Drug supply subject to ‘profit-seeking corporates’
However the minister acknowledged that drug supply in South Africa, like in many other countries, is subject to business decisions made by profit-seeking corporates. “There are lots of essential medicines, which are always in short supply.”

This is why a list of medicines was published by the department and subsequently reported on by the Times on May 18. “That list was released on our website as an early warning system to solve particular problems,” the minister said. He explained that it was to help provinces and facilities (who were responsible for ordering drugs) to know not to place orders with particular companies struggling to supply particular drugs.

Notably, Mostoaledi explained, there recently was a “severe shortage” of Abacavir (an ARV used for children) because all three suppliers of the drug had difficulty in sourcing sufficient active pharmaceutical ingredients to produce sufficient quantities of both the syrup and the tablets. 

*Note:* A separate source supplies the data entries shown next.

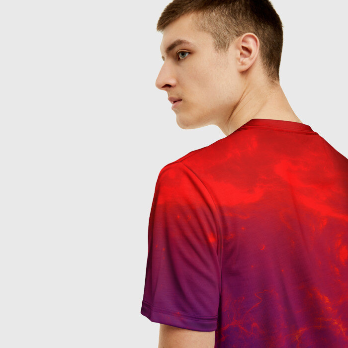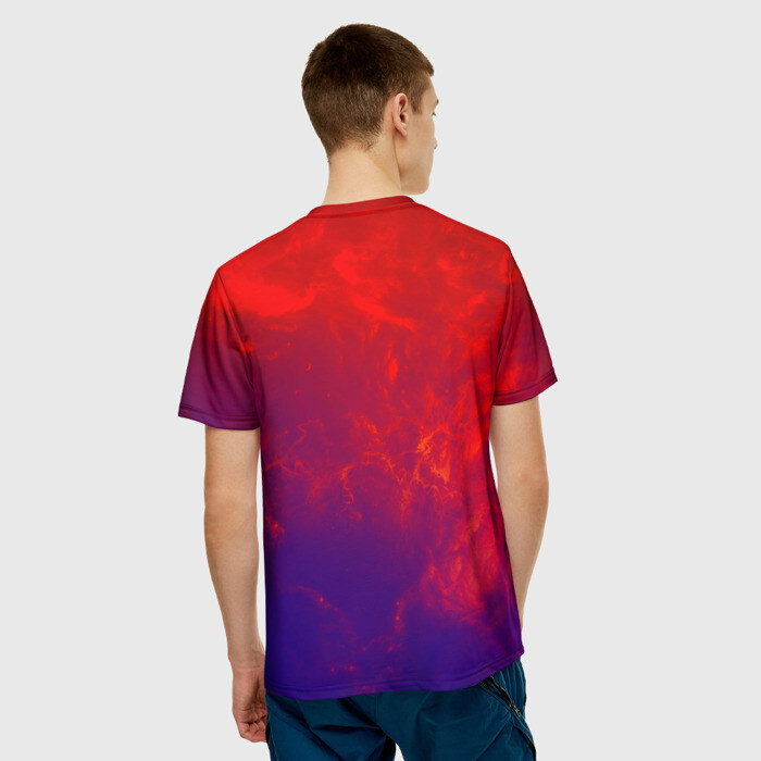 Мужская футболка 3D — это удобная футболка прямого кроя с круглым вырезом горловины и принтом по всей поверхности. Длина до линии бедер.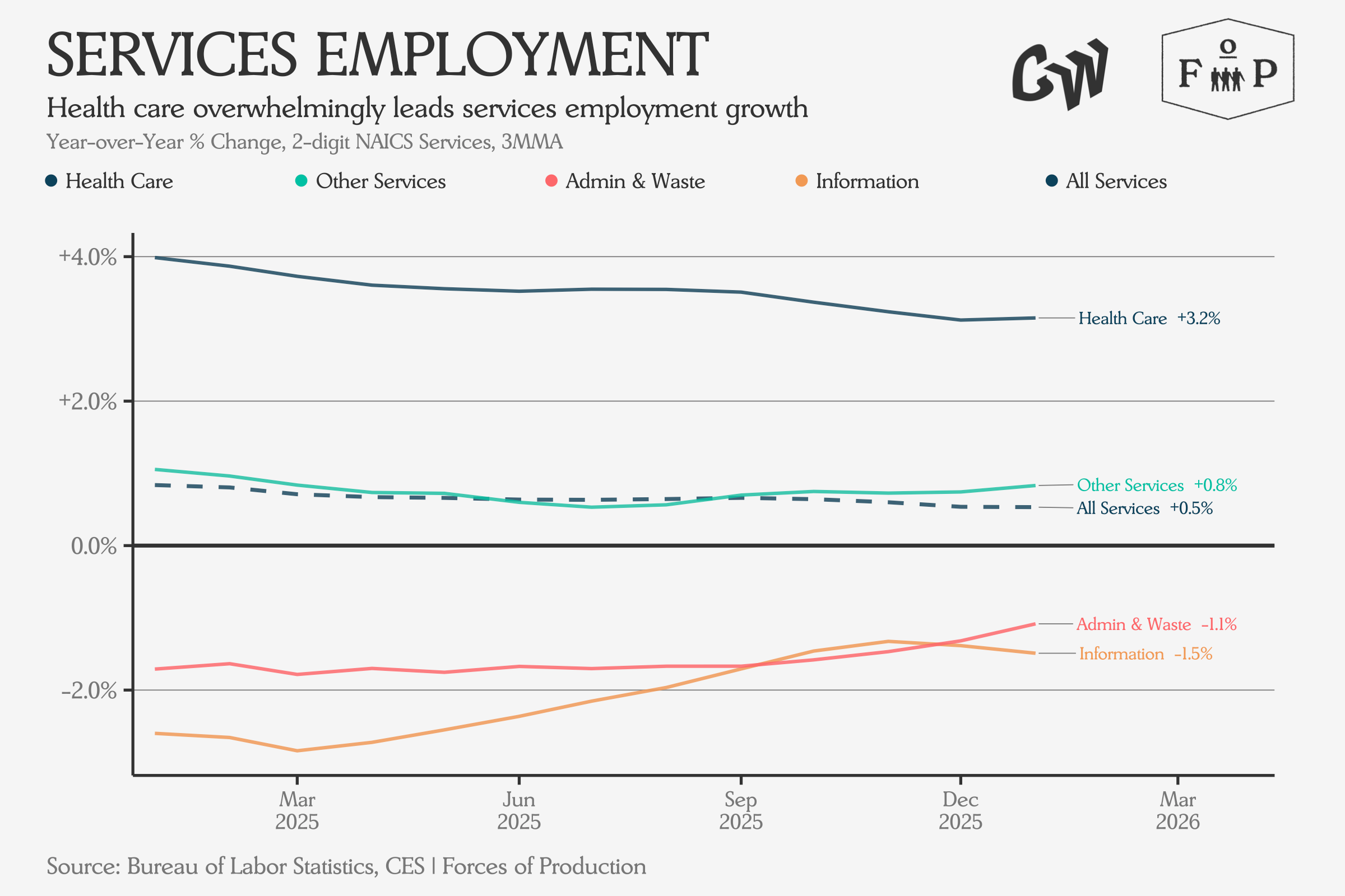 On the goods side, manufacturing employment is essentially flat year-over-year, with construction leading at +1.2 percent. Mining and logging continue to contract.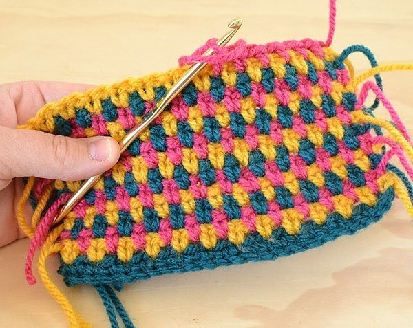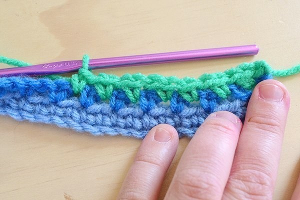 Меняем цвет нити и вяжем СБН следующий ряд таки образом: СБН, ВП, пропускаем петлю предыдущего ряда и снова вяжем СБН, ВП. И так далее до конца ряда.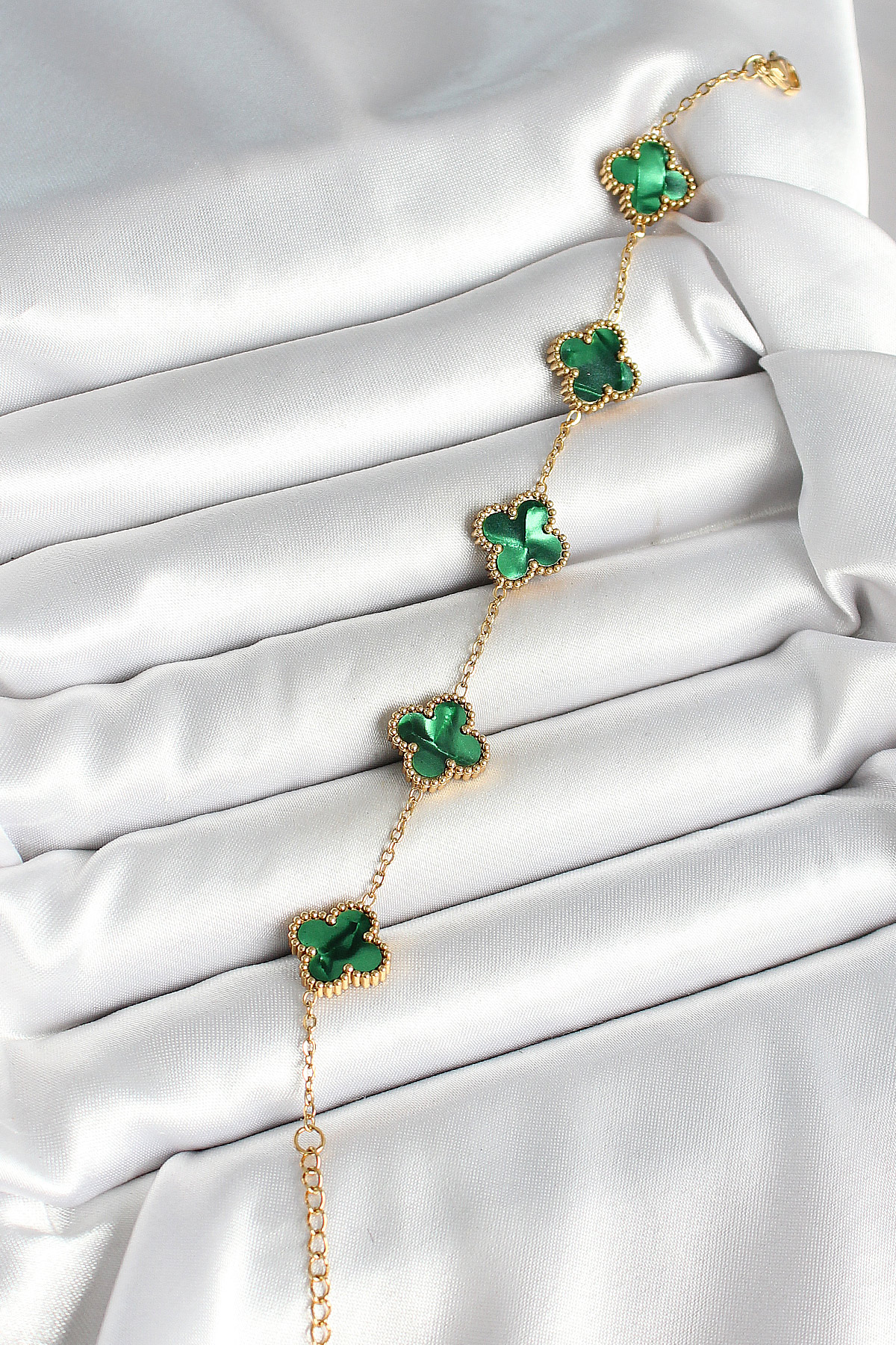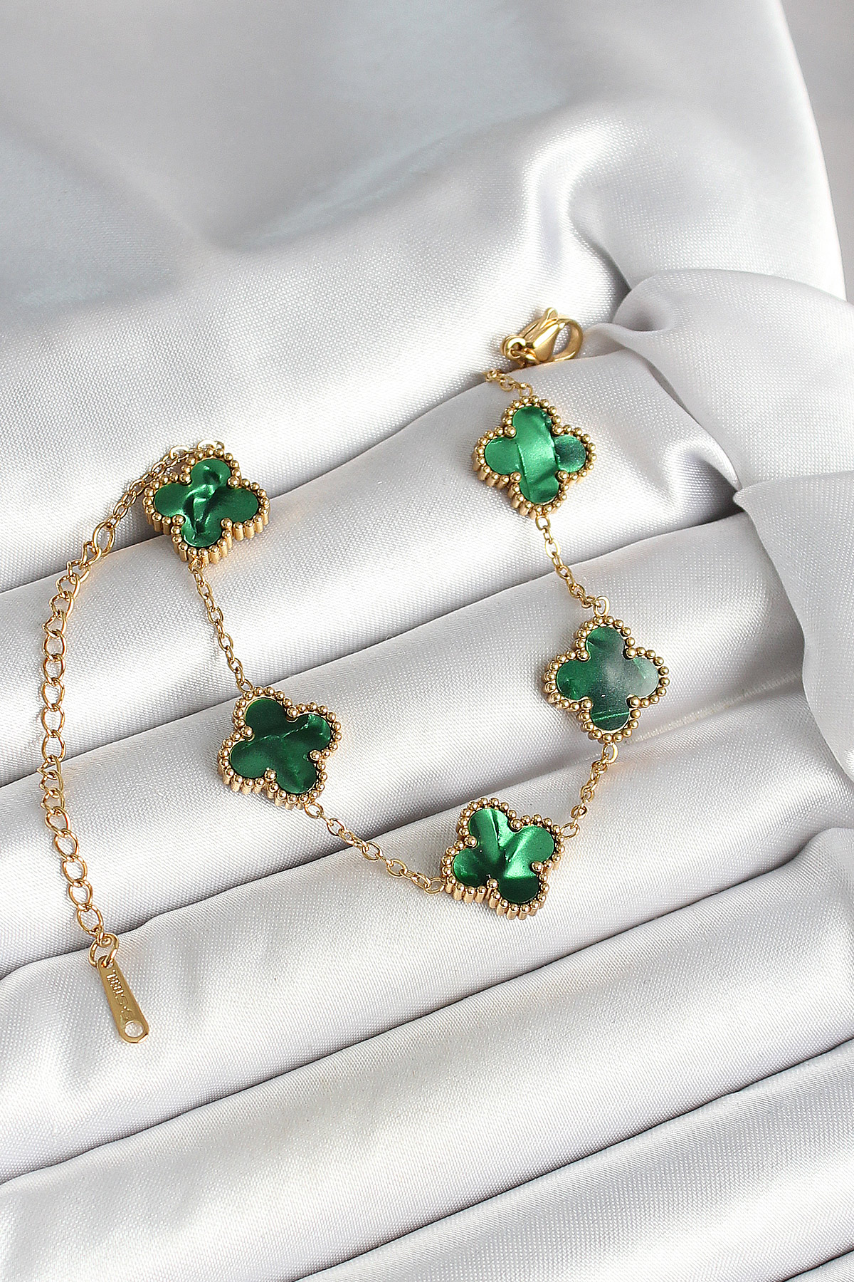 Tegan 316L Çelik Sedefli Zümrüt Yeşil Gold Renk Yonca Kadın Bileklik TG27BB6968

Atop that, one supplier had three batch failures and had to investigate the reasons before stock could be released. Supplies of the drug should normalise by the idle of June and orders fulfilled by the end of June. Patients had been given a drug known as AZT as a replacement when necessary. 

“All these issues at play are beyond my control as government,” Motsoaledi said. 

Some of the media reports, and many more before this latest matter made the news, have suggested that one of the biggest issues is non-payment of suppliers. But Motsoaledi refuted this. “At no stage did any company report that the shortages were related to non-payment of ARV’s despite us asking them directly,” he said. 

Report on drug shortage
Marcus Low, head of policy at the HIV lobby group Treatment Action Campaign (TAC) said he could not comment on specifics of the media statement on Sunday as he had not had time to review it.  

“Over the last two months, we have picked up from patients telling us they can’t get medicines in Mpumalanga and Limpopo, and hearing the same thing from the Rural Doctors Association [of Southern Africa]. Some of it is  Abacavir, but it’s not just that.”

However, Low noted that the Stop Stockouts project, a group of civil organisations that monitors drug stock-outs, and in which the TAC is involved, will publish a report in coming weeks, which shows the national trend when it comes to drug shortages, “and it’s clear that in general the condition has not changed much,” Low said.

“What we know from tracking this stuff over the past few years, is some of the problem is supply shortage, but most of the time that’s not the issue, it’s distribution issues … and very poor forecasting.” 

Low noted there had been a lot of co-operation from the national department over the past year but “the problem has more to do with wider collapse of the healthcare system and the minister isn’t in a position to fix it in Mpumalanga and in the Free State”.